According to the United Nations, there are presently some 3.5
million Palestinian refugees. They are comprised of those expelled,
or their descendants, following the first Arab-Israeli war of
1948-49 and the 1967 Six-Day War, as well as countless
others who have since been expelled from the Occupied Territories
or Israel. The majority have lived their lives in wretched conditions
in refugee camps in the Gaza Strip, the West Bank, Jordan, Lebanon
and Syria. Many now live elsewhere in the Middle East, while others
have moved to the West.
Israel adamantly refuses to acknowledge the principle of the
right of return for Palestinian refugees and their descendants
because this would be tantamount to accepting responsibility for
what happened to them. Moreover, since it would end the Jewish
majority in Israel, it has been repeatedly denounced as a threat
to the very survival of the Zionist state.
Outgoing President Bill Clinton tried to find a face-saving
formula that could accommodate the Israelis and enable Yassir
Arafat, the Palestinian Authority chairman, to sell a framework
for a final agreement to his people. Clinton has proposed that
Israel accept the return of 100,000 refugees as part of a policy
of reuniting families; that the Palestine Authority accept several
hundred thousand; and that an international fund be set up to
provide compensation for the rest. While the final numbers would
be subject to negotiation, the deal on offer does not address
the fundamental issue of Palestinian rights.
Even this proposal is unacceptable to the Israeli political
elite, which refuses to accept more than a handful of refugees
back into Israel. Neither would a Palestinian state with a population
substantially enlarged by a massive influx of refugees be tolerated
on its borders.
The origins of the Israeli state
The state of Israel was founded in 1948, following the catastrophe
that overtook European Jewry in the 1930s and 1940s, and which
culminated in the extermination of 6 million Jews in the Nazi
concentration camps. The Zionist movement was able to channel
the despondency felt by Jews at what had happened behind a perspective
for creating a separate Jewish state through the partition of
Palestine, which had been controlled by Britain since 1917. A
Jewish state would build, it was claimed, a just and democratic
haven for a people who had faced discrimination and oppression
for centuries. It would be a state defined uniquely, not in geopolitical
terms, but by religion. Its doors would be open to all who subscribed
to Judaism.
The formation of such a state inside Palestine, a country where
Jews were in the minority, inevitably led to what today would
be called ethnic cleansing. Zionism's central slogan was: A
land without people for a people without land. Thus the
very foundation of the state was based on profoundly undemocratic
principles: the denial of the rights of non-Jews already living
there. It would also sanction control by religious authorities,
something that modern states had rejected and overthrown centuries
ago.
The sympathy felt throughout the world for the plight of the
Jews following World War Two lent support for the creation of
such a state. In addition, the major powers, and particularly
the United States, saw the establishment of Israel as a means
of enhancing their own strategic interests in the region, or at
least blocking those of Britain, which was then the dominant power
in the Middle East. As a result, in November 1947, the Zionists
were successful in persuading the United Nations General Assemblyto
the fury of the Arab worldto vote for the partition of Palestine
into two states: one Palestinian and one Jewish.

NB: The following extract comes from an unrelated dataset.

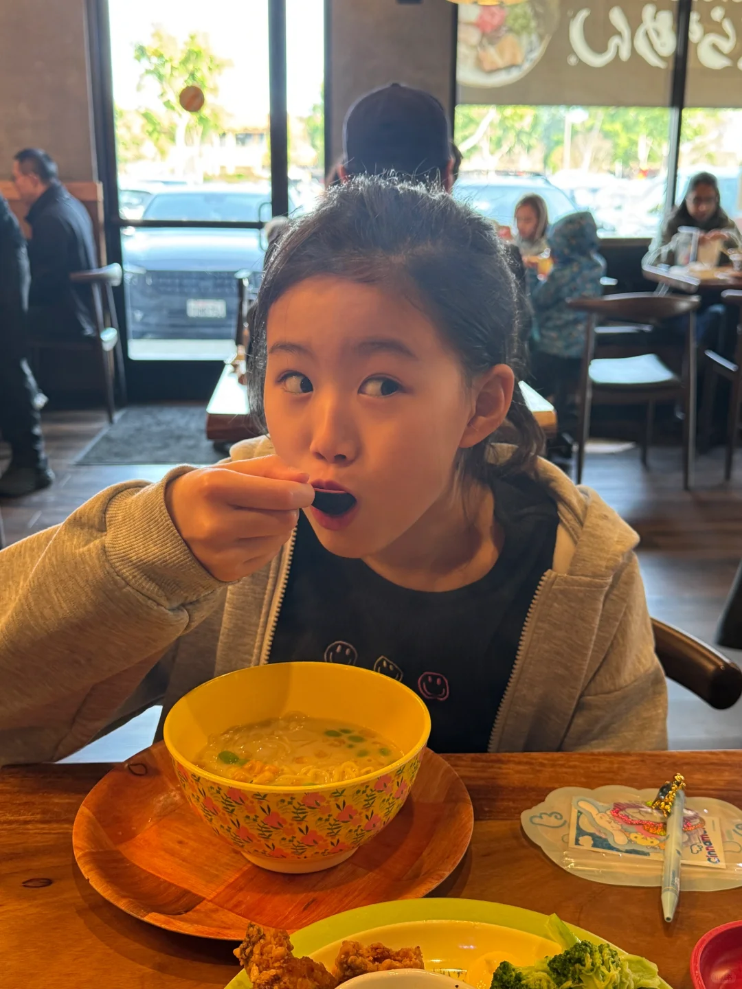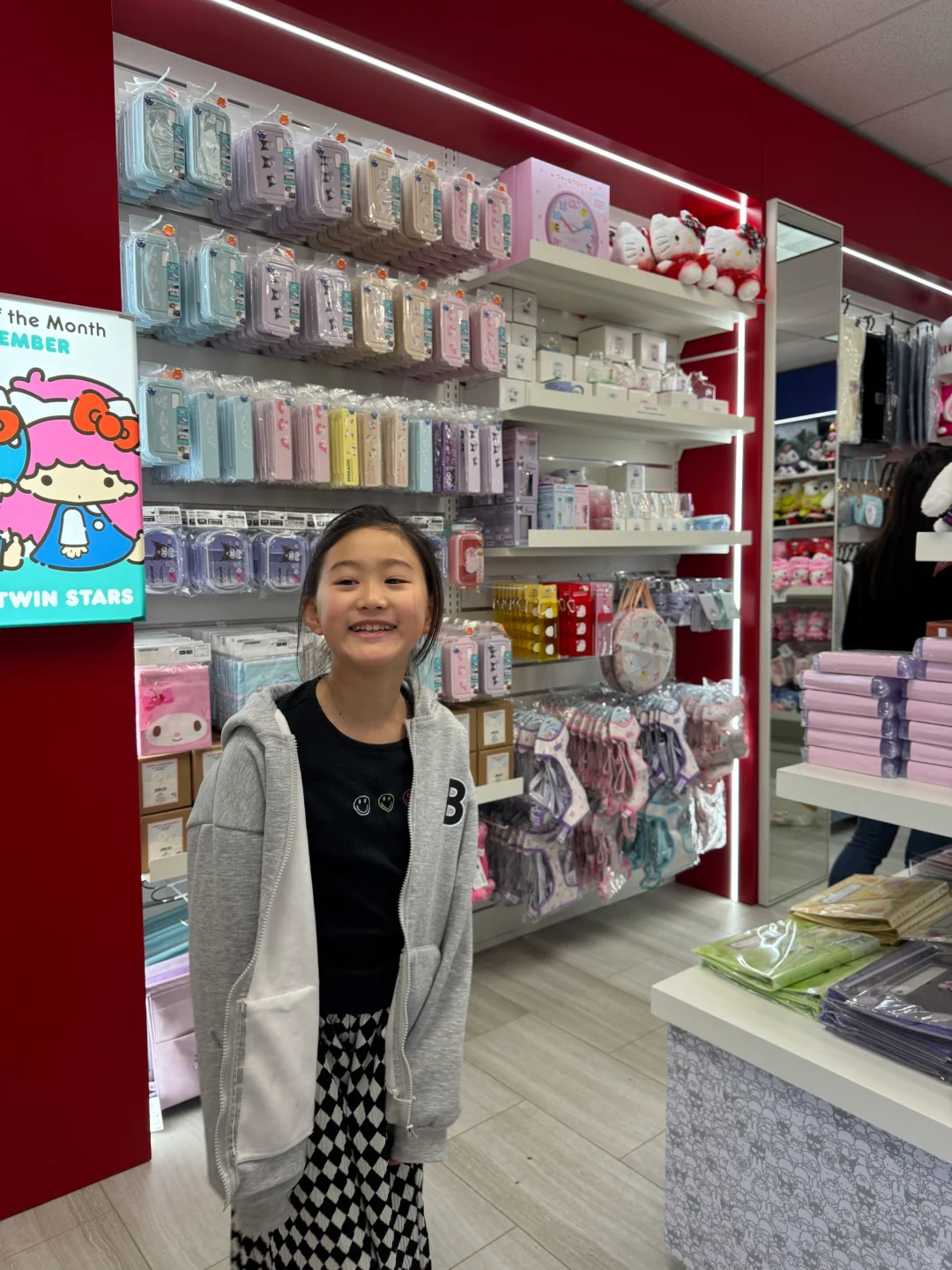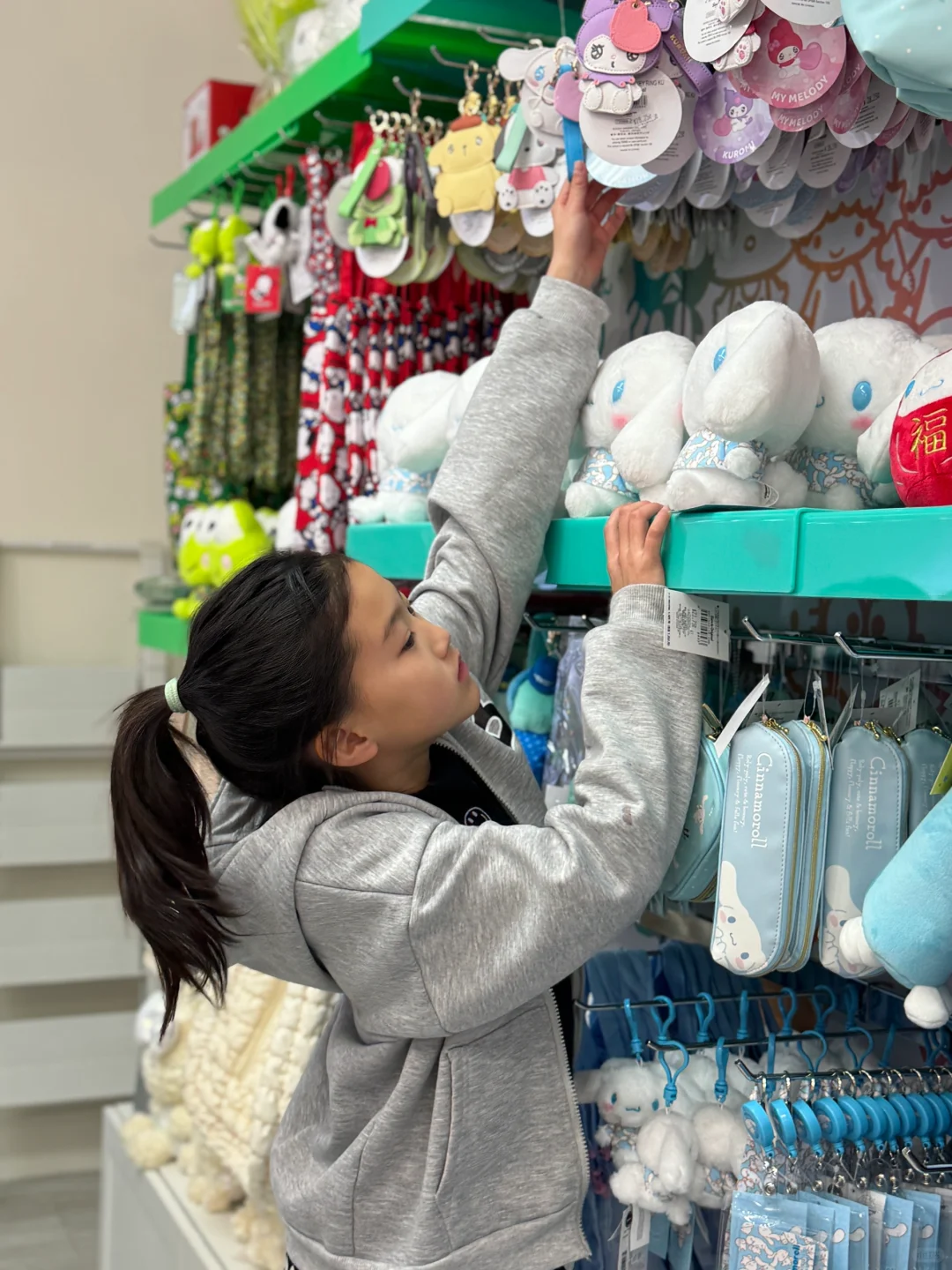 因为马上要开~板~啦~ 最近白回来了点因为每天游泳训练的时候已经天黑了,所以游泳不晒了,马上要改成滑雪晒了[偷笑R][偷笑R][偷笑R] 今天带姐姐去排了三丽鸥的店,排队的人明显少了很多,排了大概十分钟就进去了,但是姐姐有点小失望,没有啥想买的东西,她说还是喜欢日本三丽鸥的店,我说来都来了好歹买点啥吧,最后姐姐非常勉强地挑了根笔和一包贴纸,我说谢谢闺女给我省钱,这要是带弟弟来,钱包不给我掏空他是不能罢休的[叹气R]

In May 1948, Ben Gurion (who was to become Israel's first prime
minister) proclaimed the establishment of the state of Israel.
War immediately broke out between the Jews and the Palestinians,
who were supported by neighbouring Arab countries. The fighting
was to last until January 1949.
The 1948-49 war and the systematic expulsion
of the Palestinians
The take-over of Palestinian land was the essential prerequisite
for the founding of the state of Israel.
Although the UN had expected London would help implement the
partition plan, Britain hastily pulled out its administrative
and military forces from Palestine, wanting no part in implementing
the proposals. This was not out of any consideration for the rights
of the Palestinians, but for fear of losing the support of its
client states in the region, notably Jordan, Egypt and Iraq, and
jeopardising its not inconsiderable assets in Iran and the Gulf
states, then under British rule.
To this end, the British secretly arranged that King Abdullah
of Transjordan, now Jordan, would use the Arab Legion, which still
had British officers and funding, to take up positions in the
areas allotted to the Palestinians.
Apart from Abdullah, most Arab leaders had assumed that their
combined forces would easily defeat the Hagana, the forerunner
of Israel's Defence Force. But it soon became clear that Israel
had a numerical and military advantage, armed as they were with
Czech weapons, courtesy of the Soviet Union. Over the next seven
months the Hagana drove the Palestinian population from their
homes and into neighbouring Arab countries, gaining control of
territory far larger than that proposed by the UN, including part
of Jerusalem and the Negev desert.
A British census had recorded the population of Palestine in
1947 as 1,157,000 Palestinian Muslims, 146,000 Christians and
580,000 Jews. Two years later, only about 200,000 Palestinians
remained in the parts of Palestine that had become Israel. The
take-over of Palestinian-owned land was even more dramatic: in
1946 Jews had owned less than 12 percent of the land in what became
Israel; this rose to 77 percent after the 1948-49 war.
While many Palestinians fled to avoid the war, most left out
of fear of what might happen to them at the hands of Zionist terrorists.
One of the most notorious incidents was the Deir Yassin massacre
where 250 men, women and children were murdered in cold blood
by Menachem Begin's Irgun group, as it went from house to house
to drive out the Palestinians. While it was always known that
the massacre was a deliberate attack, it was assumed until recently
to be a random act of terrorism by a group that was out
of control. Benny Morris's book The Birth of the Palestinian
Refugee Problem: 1947-1949 sets the record straight.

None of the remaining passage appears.